WORK TO BE COMPLETED: Leave the pictures in the listing below aside and reproduce exactly the lines starting with the one with "圖1-19-a是反激式變壓器" and going on through the one with "Plastikowa skrobaczka do", both ends included.

-.-.-

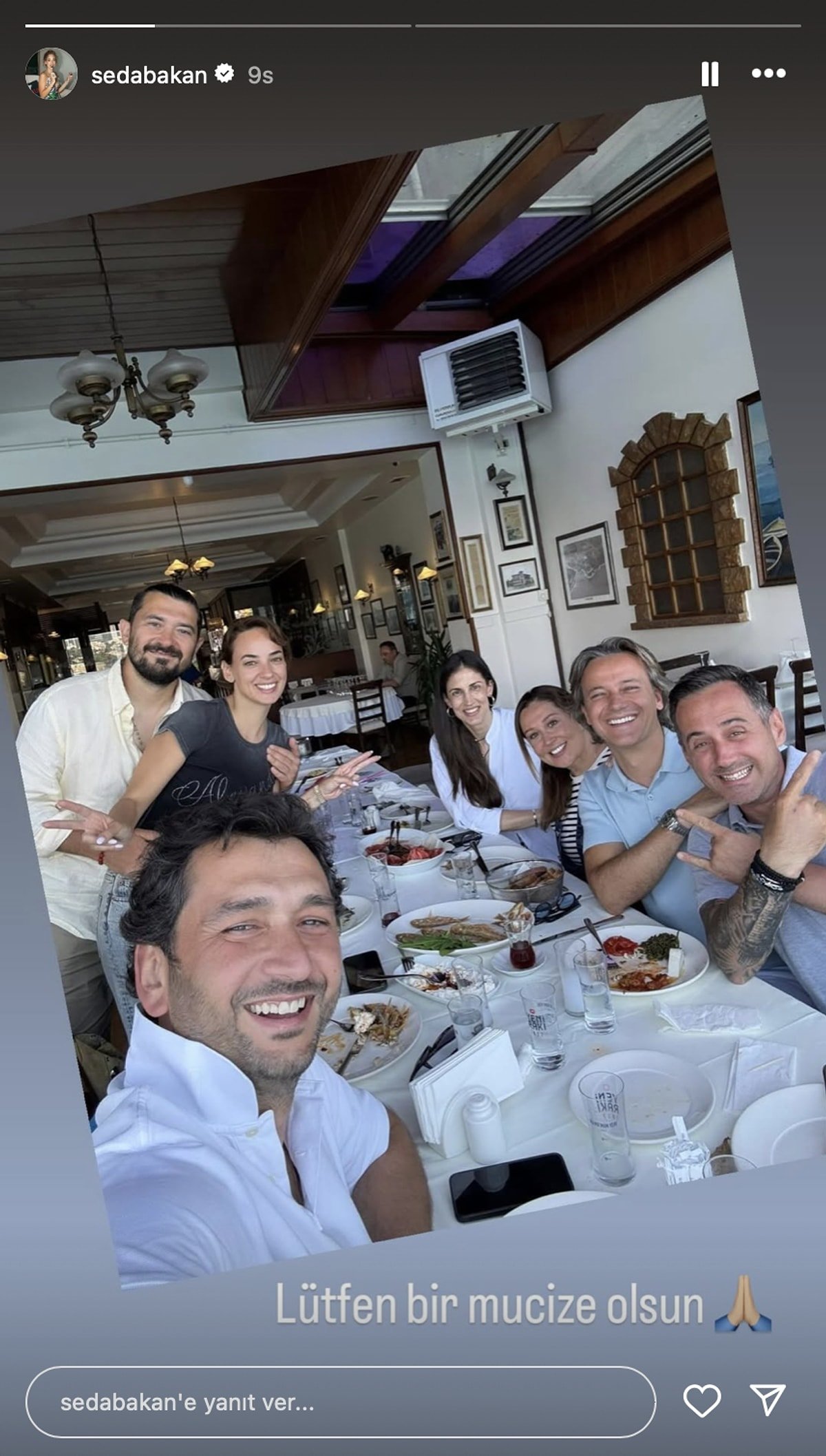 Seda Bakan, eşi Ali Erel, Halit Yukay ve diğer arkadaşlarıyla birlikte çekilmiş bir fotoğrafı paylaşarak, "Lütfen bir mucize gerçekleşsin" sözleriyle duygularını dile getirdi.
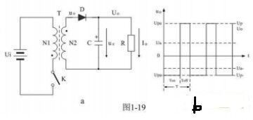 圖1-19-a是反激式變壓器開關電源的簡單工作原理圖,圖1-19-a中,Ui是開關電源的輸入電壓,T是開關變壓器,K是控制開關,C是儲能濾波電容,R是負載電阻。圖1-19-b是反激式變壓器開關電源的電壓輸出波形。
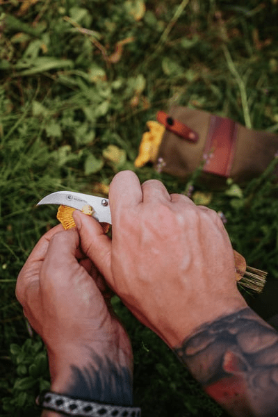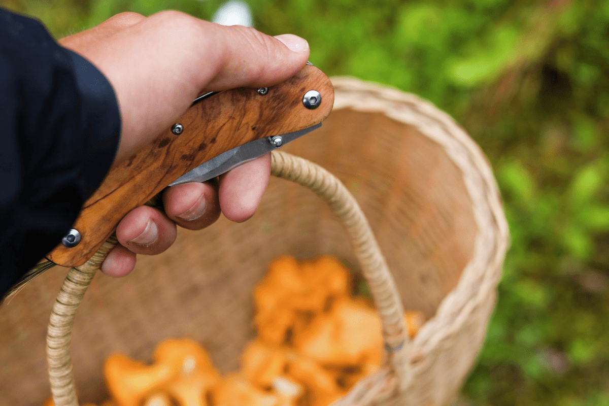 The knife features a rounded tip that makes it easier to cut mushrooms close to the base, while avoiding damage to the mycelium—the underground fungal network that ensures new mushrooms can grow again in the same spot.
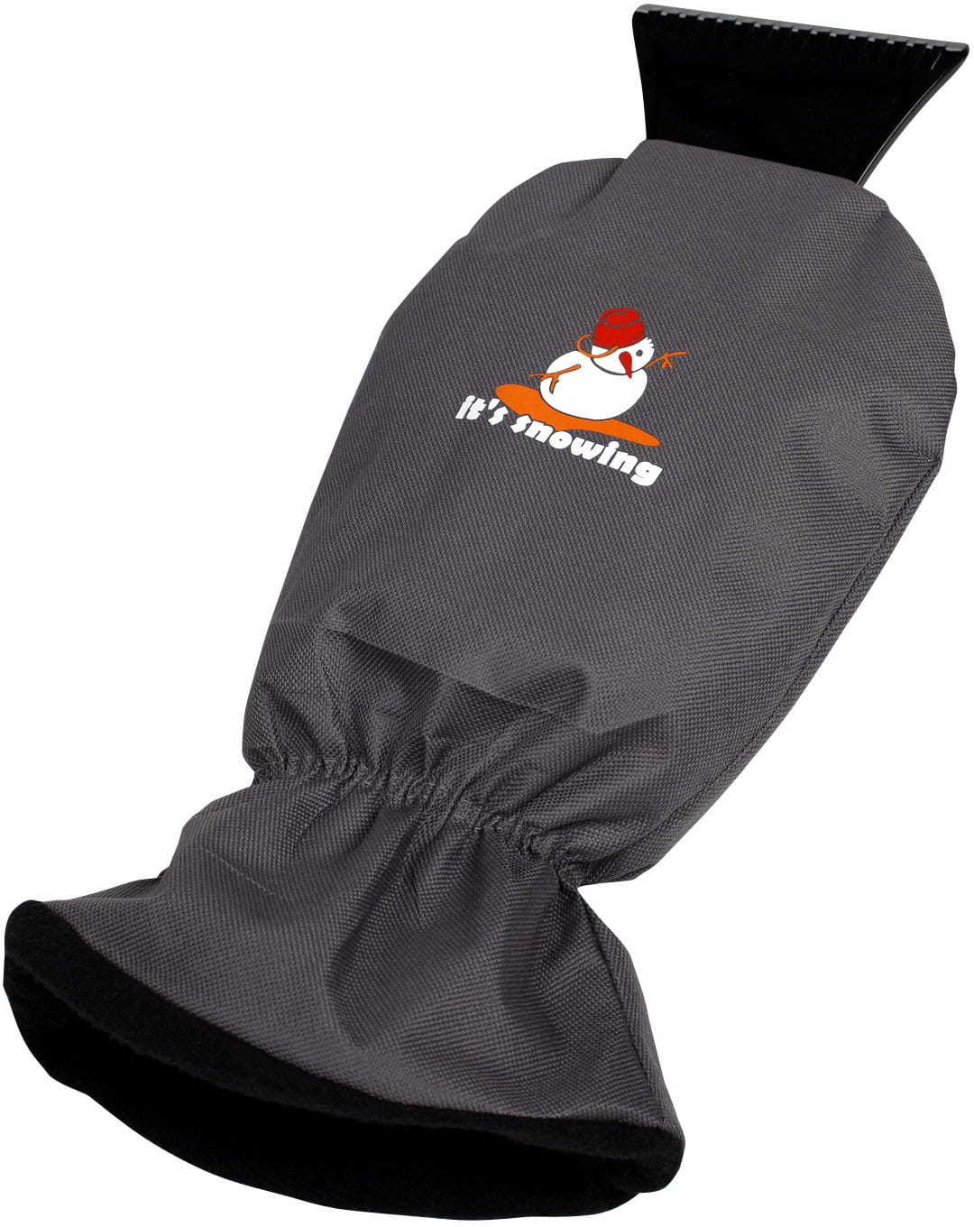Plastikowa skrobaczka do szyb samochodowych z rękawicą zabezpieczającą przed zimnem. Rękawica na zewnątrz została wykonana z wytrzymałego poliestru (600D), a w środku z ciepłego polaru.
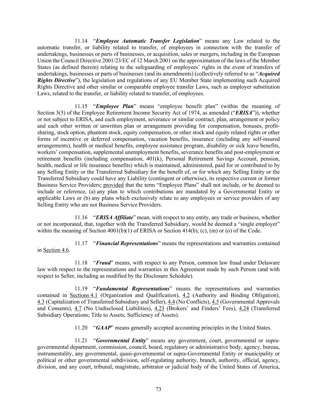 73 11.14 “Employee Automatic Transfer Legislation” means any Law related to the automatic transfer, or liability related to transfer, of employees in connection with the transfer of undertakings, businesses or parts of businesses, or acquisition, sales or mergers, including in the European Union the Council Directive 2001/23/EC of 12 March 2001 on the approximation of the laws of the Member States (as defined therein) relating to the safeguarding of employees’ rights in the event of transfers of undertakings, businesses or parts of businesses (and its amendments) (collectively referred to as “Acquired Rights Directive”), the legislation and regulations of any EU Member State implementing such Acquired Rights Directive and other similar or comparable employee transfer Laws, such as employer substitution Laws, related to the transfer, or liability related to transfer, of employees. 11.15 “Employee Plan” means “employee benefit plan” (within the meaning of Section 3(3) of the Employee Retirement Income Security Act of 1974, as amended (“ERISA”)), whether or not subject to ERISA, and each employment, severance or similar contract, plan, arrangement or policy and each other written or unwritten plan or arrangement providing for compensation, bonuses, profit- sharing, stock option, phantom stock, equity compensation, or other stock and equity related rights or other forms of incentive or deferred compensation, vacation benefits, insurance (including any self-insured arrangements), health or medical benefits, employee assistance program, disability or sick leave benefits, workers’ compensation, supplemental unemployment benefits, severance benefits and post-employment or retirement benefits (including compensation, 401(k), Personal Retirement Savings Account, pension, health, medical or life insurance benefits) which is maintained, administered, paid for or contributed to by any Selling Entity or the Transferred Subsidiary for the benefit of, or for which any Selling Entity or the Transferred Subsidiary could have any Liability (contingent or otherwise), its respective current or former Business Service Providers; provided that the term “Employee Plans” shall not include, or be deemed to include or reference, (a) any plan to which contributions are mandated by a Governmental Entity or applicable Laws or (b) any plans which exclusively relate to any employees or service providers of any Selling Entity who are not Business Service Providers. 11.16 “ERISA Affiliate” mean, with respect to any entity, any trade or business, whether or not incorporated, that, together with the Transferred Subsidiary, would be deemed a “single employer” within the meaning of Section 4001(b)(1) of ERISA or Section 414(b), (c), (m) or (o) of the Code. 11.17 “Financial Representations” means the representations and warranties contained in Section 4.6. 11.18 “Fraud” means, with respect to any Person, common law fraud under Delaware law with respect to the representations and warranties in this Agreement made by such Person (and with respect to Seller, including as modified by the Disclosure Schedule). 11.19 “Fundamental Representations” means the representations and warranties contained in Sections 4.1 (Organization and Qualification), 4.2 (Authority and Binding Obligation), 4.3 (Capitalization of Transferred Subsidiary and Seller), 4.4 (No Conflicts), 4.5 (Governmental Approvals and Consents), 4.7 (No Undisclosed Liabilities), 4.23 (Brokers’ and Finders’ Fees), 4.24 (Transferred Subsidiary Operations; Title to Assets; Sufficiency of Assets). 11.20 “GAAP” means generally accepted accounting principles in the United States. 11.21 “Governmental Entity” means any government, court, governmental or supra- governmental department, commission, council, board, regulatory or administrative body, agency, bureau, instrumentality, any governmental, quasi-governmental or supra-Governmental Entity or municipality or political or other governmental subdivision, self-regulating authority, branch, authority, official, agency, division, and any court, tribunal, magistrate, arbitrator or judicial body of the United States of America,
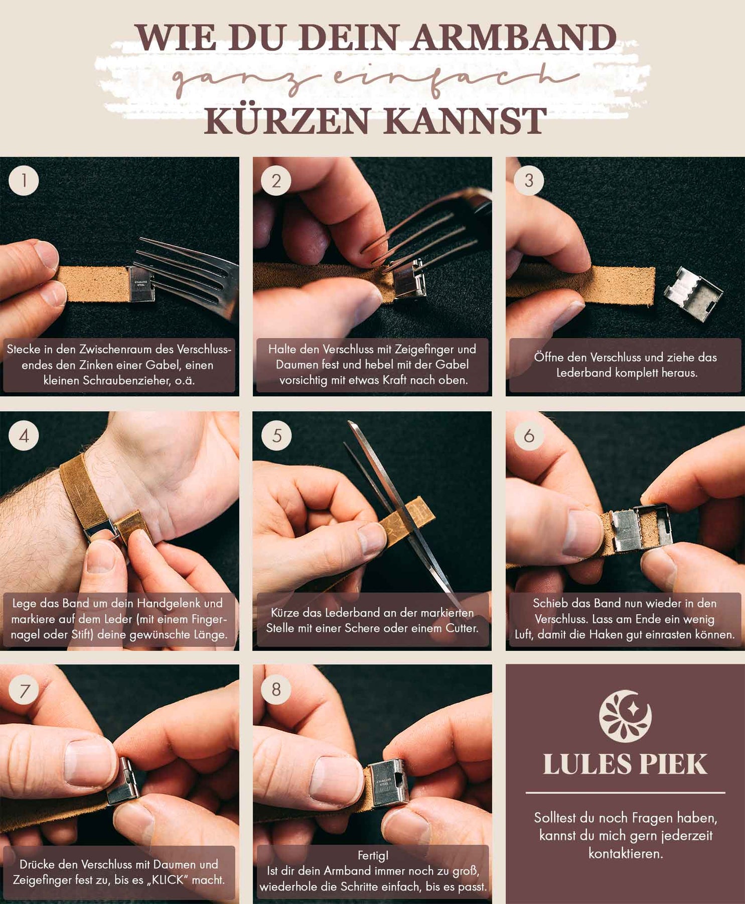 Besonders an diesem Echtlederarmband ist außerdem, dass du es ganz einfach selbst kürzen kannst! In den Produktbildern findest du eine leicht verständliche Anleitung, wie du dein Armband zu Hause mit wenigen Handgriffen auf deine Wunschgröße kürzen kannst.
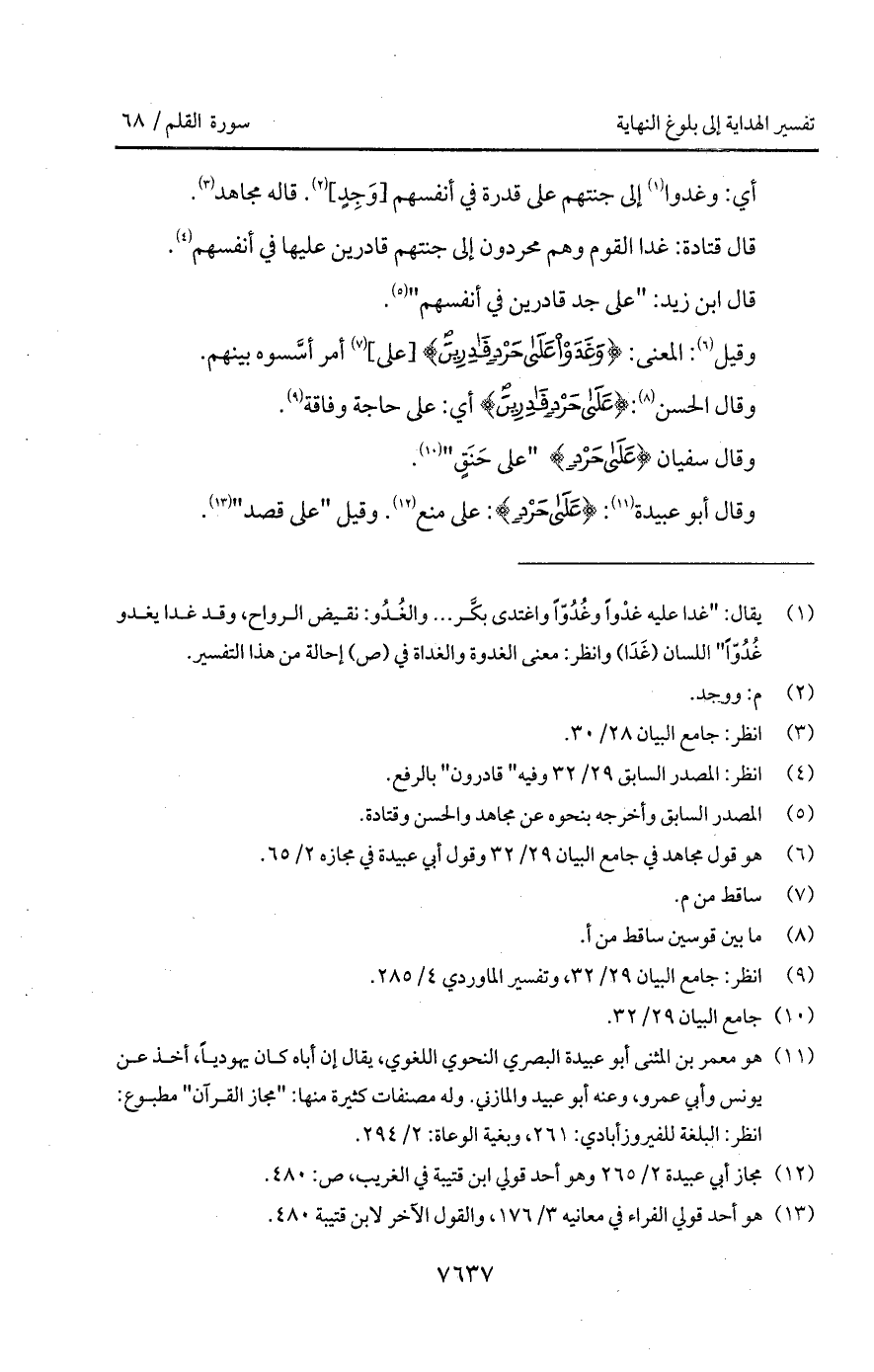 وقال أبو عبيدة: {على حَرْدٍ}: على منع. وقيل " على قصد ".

-.-.-

EXPECTED OUTPUT:
 圖1-19-a是反激式變壓器開關電源的簡單工作原理圖,圖1-19-a中,Ui是開關電源的輸入電壓,T是開關變壓器,K是控制開關,C是儲能濾波電容,R是負載電阻。圖1-19-b是反激式變壓器開關電源的電壓輸出波形。
 The knife features a rounded tip that makes it easier to cut mushrooms close to the base, while avoiding damage to the mycelium—the underground fungal network that ensures new mushrooms can grow again in the same spot.
Plastikowa skrobaczka do szyb samochodowych z rękawicą zabezpieczającą przed zimnem. Rękawica na zewnątrz została wykonana z wytrzymałego poliestru (600D), a w środku z ciepłego polaru.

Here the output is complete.